• _Goal of the exercise_:
Give again exactly, and only, the lines between the line holding "Она тут же скрыла" and the end of the listing, both boundary lines included.

• _Data_:
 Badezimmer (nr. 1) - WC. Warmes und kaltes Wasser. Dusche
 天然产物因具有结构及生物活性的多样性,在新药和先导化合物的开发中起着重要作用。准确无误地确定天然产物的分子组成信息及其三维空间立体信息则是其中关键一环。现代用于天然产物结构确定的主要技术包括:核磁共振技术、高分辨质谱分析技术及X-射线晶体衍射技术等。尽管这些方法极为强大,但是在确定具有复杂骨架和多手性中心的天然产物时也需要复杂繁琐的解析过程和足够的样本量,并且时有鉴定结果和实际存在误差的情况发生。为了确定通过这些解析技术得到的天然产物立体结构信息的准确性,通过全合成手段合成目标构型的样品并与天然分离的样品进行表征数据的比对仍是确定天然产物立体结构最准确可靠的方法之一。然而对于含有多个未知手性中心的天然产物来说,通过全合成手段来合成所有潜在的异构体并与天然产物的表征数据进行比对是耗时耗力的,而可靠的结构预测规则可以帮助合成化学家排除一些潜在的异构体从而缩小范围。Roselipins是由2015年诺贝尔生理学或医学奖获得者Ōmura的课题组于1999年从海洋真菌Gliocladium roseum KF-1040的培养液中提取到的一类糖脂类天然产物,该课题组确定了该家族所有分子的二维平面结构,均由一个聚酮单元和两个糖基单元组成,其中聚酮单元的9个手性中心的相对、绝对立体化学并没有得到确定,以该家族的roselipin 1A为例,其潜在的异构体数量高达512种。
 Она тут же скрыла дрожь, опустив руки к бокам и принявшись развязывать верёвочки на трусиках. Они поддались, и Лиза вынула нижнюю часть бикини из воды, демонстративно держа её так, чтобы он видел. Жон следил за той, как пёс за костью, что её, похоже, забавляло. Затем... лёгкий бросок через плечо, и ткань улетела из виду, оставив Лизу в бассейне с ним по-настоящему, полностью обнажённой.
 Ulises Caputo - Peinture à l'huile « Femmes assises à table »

• _Result of the exercise_:
 Она тут же скрыла дрожь, опустив руки к бокам и принявшись развязывать верёвочки на трусиках. Они поддались, и Лиза вынула нижнюю часть бикини из воды, демонстративно держа её так, чтобы он видел. Жон следил за той, как пёс за костью, что её, похоже, забавляло. Затем... лёгкий бросок через плечо, и ткань улетела из виду, оставив Лизу в бассейне с ним по-настоящему, полностью обнажённой.
 Ulises Caputo - Peinture à l'huile « Femmes assises à table »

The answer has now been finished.